TASK DIRECTIONS — Retype, exactly as written, every line from the one containing "Brown-headed Cowbird" through the last line of the records below, both included; skip the pictures.
··· EXERCISE MATERIAL ···
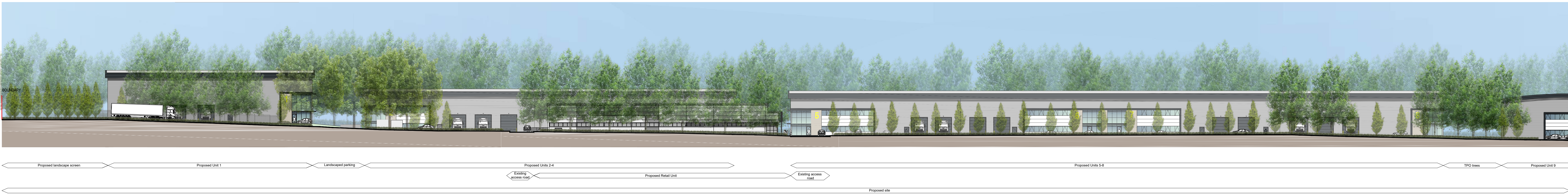
SECTION D-D ALONG BARTLEY WAY
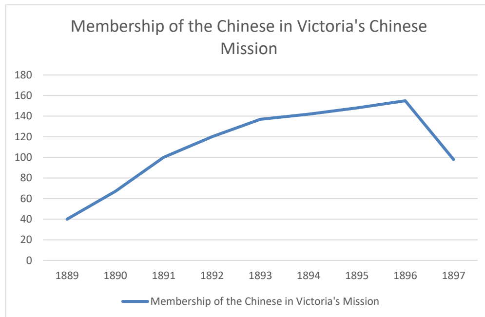
Chart 1 Chinese Membership in Victoria's Chinese Mission Methodist Church, 1889-1897

Source: Minutes of the proceedings of the third (to eleventh) session of the British Columbia Annual Conference of the Methodist Church
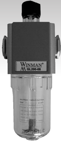
Sembol / Symbol
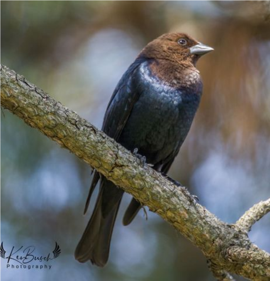
Brown-headed Cowbird
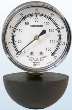
VM181 Vacuum Gauge
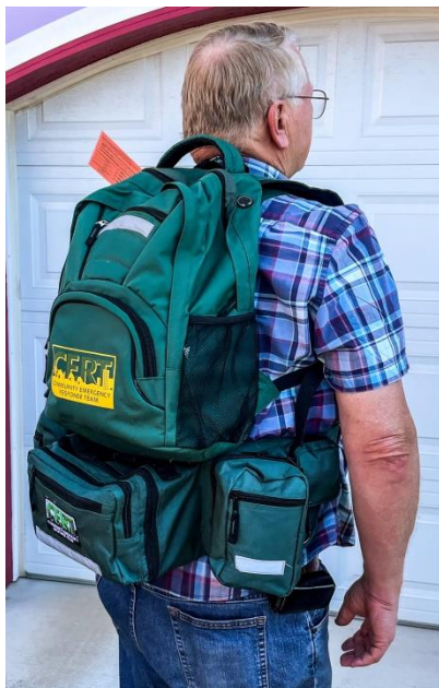
The Squad Med Kit is worn just beneath the backpack.
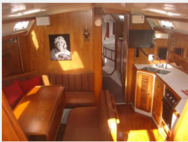
42' Catalina salon forward
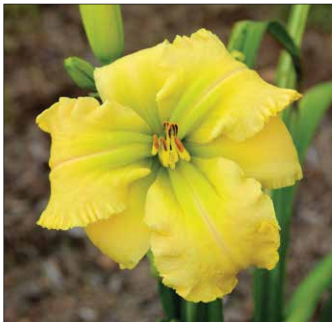
H. 'Anastasia' (Salter 1985)

throat, won an HM in 1993, as did 'Well of Souls' (1988), a 26", 6" peach pink and lavender blend with a black purple eyezone above a green throat. 'Light of Heaven' (1988), a 24", 6" pale cream self with a green throat, won an AM in 1995. 'My Darling Clementine' (1988), a 21", 4.5" yellow self with a green throat, won an HM in 1994 and an AM in 1997. 'Kathleen Salter' (1989), a 28", 6" yellow self with a green throat, won an HM in 1993. 'Walking on Sunshine' (1989), a 22", 5" yellow self with a green throat, also won an HM in 1993. 'Chestnut Mountain' (1989), a 24", 5.5" chestnut copper and
···
SOLUTION FOR THIS EXERCISE —
Brown-headed Cowbird
VM181 Vacuum Gauge
The Squad Med Kit is worn just beneath the backpack.
42' Catalina salon forward
H. 'Anastasia' (Salter 1985)

throat, won an HM in 1993, as did 'Well of Souls' (1988), a 26", 6" peach pink and lavender blend with a black purple eyezone above a green throat. 'Light of Heaven' (1988), a 24", 6" pale cream self with a green throat, won an AM in 1995. 'My Darling Clementine' (1988), a 21", 4.5" yellow self with a green throat, won an HM in 1994 and an AM in 1997. 'Kathleen Salter' (1989), a 28", 6" yellow self with a green throat, won an HM in 1993. 'Walking on Sunshine' (1989), a 22", 5" yellow self with a green throat, also won an HM in 1993. 'Chestnut Mountain' (1989), a 24", 5.5" chestnut copper and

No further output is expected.